I've done several stouts with Wyeast 1007 which has some similar characteristics to Kolsch's, and I think 1007 stouts are fantastic.
Go for it.


----------



## Jim - Perth (24/8/05)

Steve
I agree with the 1728 but I'm on a campaign to deplete all existing stock before ordering any fresh so my choice is limited to 1056; S-23 or K-97.
Jim


----------



## warrenlw63 (24/8/05)

Jim,

Recultured Coopers yeast works really nicely in a stout. :beerbang: 

Warren -


----------



## Jim - Perth (24/8/05)

Warren
Does this mean that I will have to force myself to drink some Coopers stout or will the Sparkling ale do?
Jim


----------



## GMK (24/8/05)

1084 is good and i hav edone plenty of stouts with Windsor ale.
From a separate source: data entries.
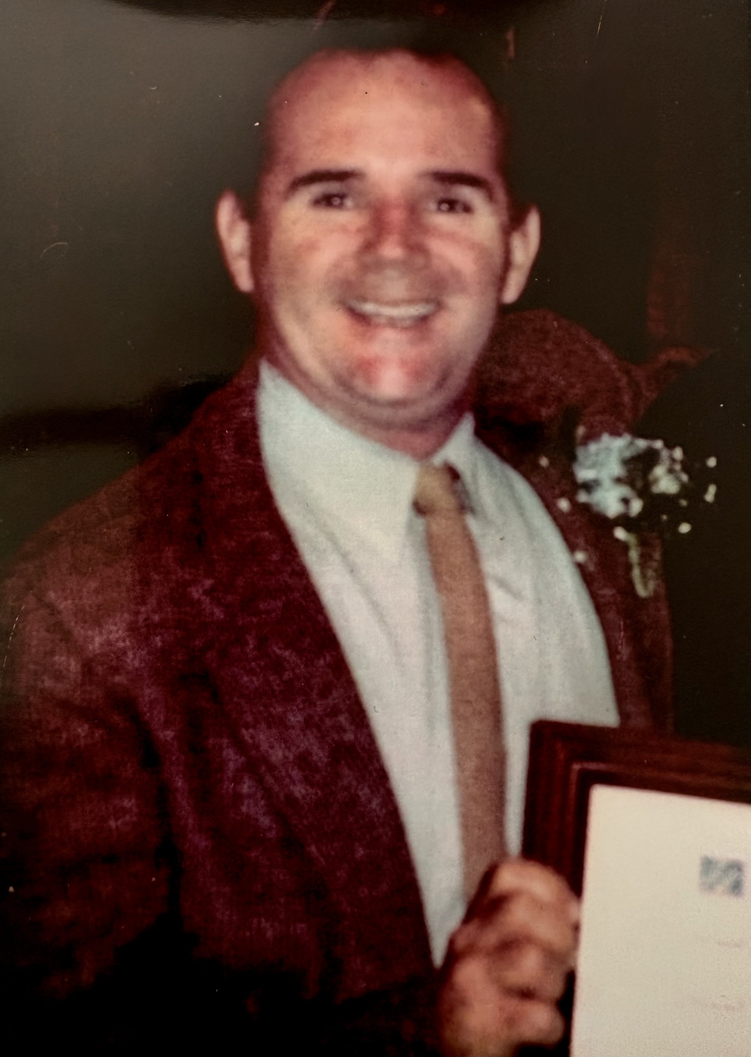 Buddy Harris died in 2002 of wounds sustained after being hit by a drunk driver. His sister, Peg, is accepting the Avon Falcons Athletic Hall of Fame award on his behalf.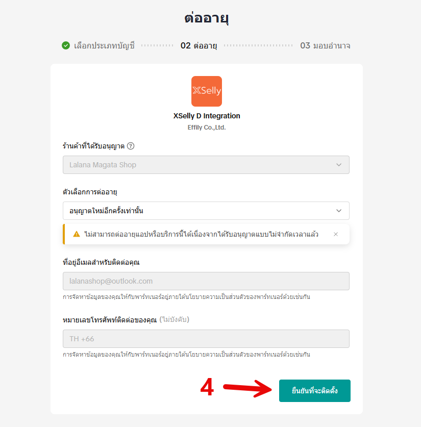 การต่ออายุจะทำให้ระบบสามารถเชื่อมต่อข้อมูลระหว่าง XSelly และ Tiktok ได้ ซึงเวลาสูงสุดที่ Tiktok ให้คือ 365 วัน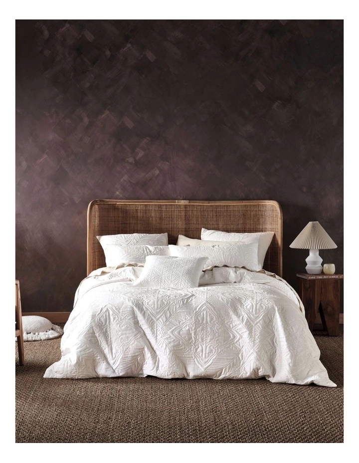 The quilted, linen-look cushion enjoys ornate patterns throughout and looks wonderfully decorative paired with its coordinating bed linen and European pillowcases, as well as tufted and velvet accessories for added warmth.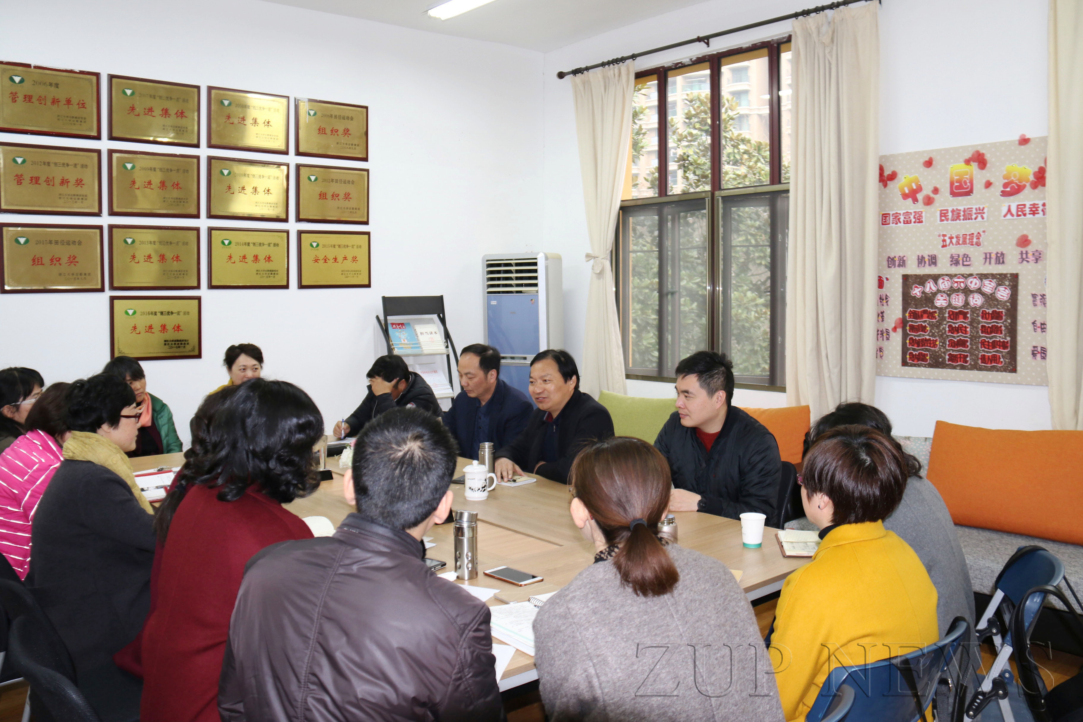 张谷乐主任代表中心对后勤集团领导班子莅临中心指导工作表示感谢,并就新学期园区开学情况作了汇报。2017年幼教中心将始终按照集团和中心整体的发展思路开展各项工作,扎实稳进,从而推动幼教工作的新发展。随后,后勤集团领导班子针对当前幼教行业的发展形势,就幼教中心今后的发展思路和与会人员进行了探讨,并提出了可行的意见和建议。期间,控股集团总裁胡征宇也抽会议间隙到幼教中心指导工作,对幼教中心新一轮的发展寄予厚望。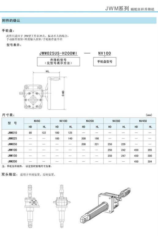 JWM絲桿升降機(jī)附件的確認(rèn)-手輪盤(pán)、尺寸表及雙頭輸出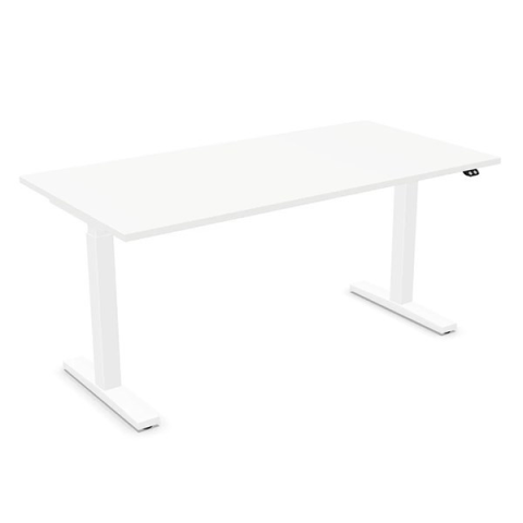 Íróasztal NOWYSTYL elektromosan állítható magasságú 1600x800 mm fehér T-lábas fehér Téglalap alakú íróasztal, 1600x800 mm. Fehér színű dekor felület. 25 mm vastag, fehér színű melaminált dekor felületű asztallap, 2 mm vastag ABS élzárás. Kétszeg
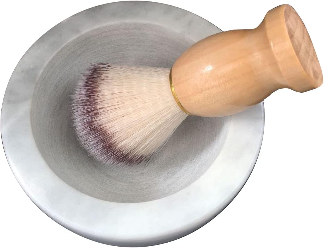 Natural Marble:Marble shaving bowl is made from 100% marble,Handmade by artisans,The color and texture of each bowl is different, unique of natural。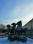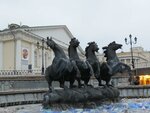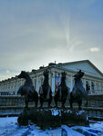 Замечательная скульптура, отражающая смену сезонов быстро текущего времени. От ярких брыз вечернего фонтана, до белого снега на гривах, летящих вперёд, лошадей.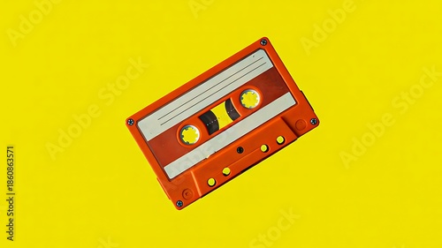 © sunny, Obraz premium Retro cassette tape on yellow background representing vintage music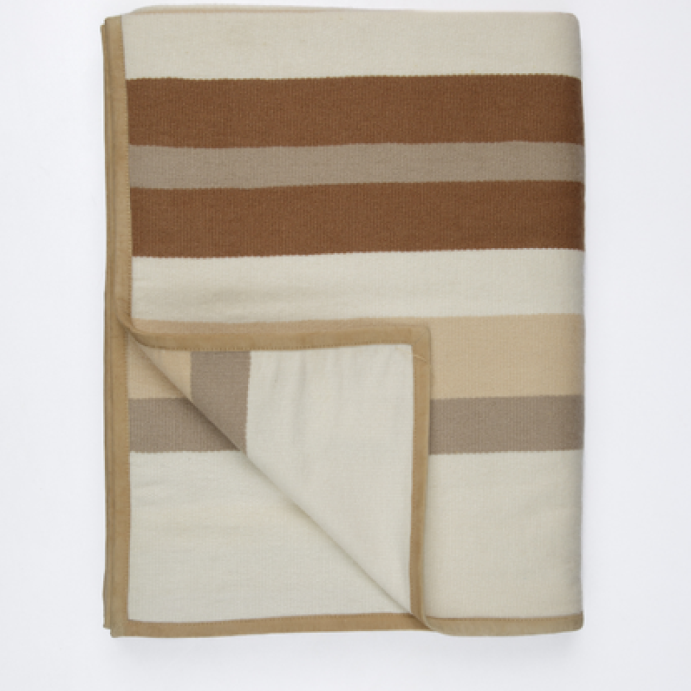 Invite a classic cultural touch to a space with this bold Navajo-inspired striped throw. Handwoven using a bespoke blend of 94 % cashmere and 6% silk, it’s a premium piece that’s luxuriously soft on the skin. Measuring 54 x 72 inches, woven using a Navajo-inspired weave and finished with a supple suede edge that enhances both durability and tactile comfort, rendering it nearly scratch-resistant while maintaining its velvety texture.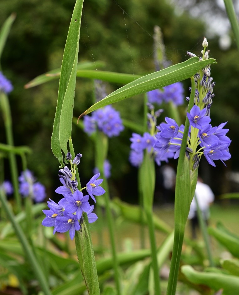 高亭雨久花特征明显,叶片基生,略微倾斜伸出水面,宛如斜插于水中的战戟;花亭高高直立于水面,数十朵蓝紫色小花总状聚生于花序上,如一群小鸟欲展翅飞翔。与常见的同属雨久花科植物梭鱼草、凤眼莲不同,高亭雨久花盛放于秋风起后的凉爽季节,花期只有15-20天,盛花期只持续1周左右。

Nottingham is a pretty neutral yeast that accentuates malt characteristics as well.


----------



## SJW (24/8/05)

I am doing the Imperial Vanilla Bourbon Porter tonight using Wyeast 1028 London Ale. But after that is done I am pitching a stout on the yeast cake. Will let u know how it go's.

STEPHEN


----------



## tdh (24/8/05)

Bilph stole my thunder.

1007 stout is brilliant.

tdh


----------



## TidalPete (24/8/05)

SJW said:


> I am doing the Imperial Vanilla Bourbon Porter tonight using Wyeast 1028 London Ale. But after that is done I am pitching a stout on the yeast cake. Will let u know how it go's.
> 
> STEPHEN
> [post="73593"][/post]​



SJW,
I have just done a very nice dry stout with 1028. According to the Ray Daniels book it is to be prefered over the 1084 because of it's higher attenuation, so we must be on the right track. :beerbang: I haven't tried a 1056 yet though.  

:beer:


----------



## PostModern (24/8/05)

Jim - Perth said:


> Warren
> Does this mean that I will have to force myself to drink some Coopers stout or will the Sparkling ale do?
> Jim
> [post="73569"][/post]​



They all use the same yeast. IMHO, the Coopers Best Extra Stout is one of the finest beers brewed in Australia.

I second Warren's advice. The Cooper's yeast is superb for sweet and foreign extra stouts.


----------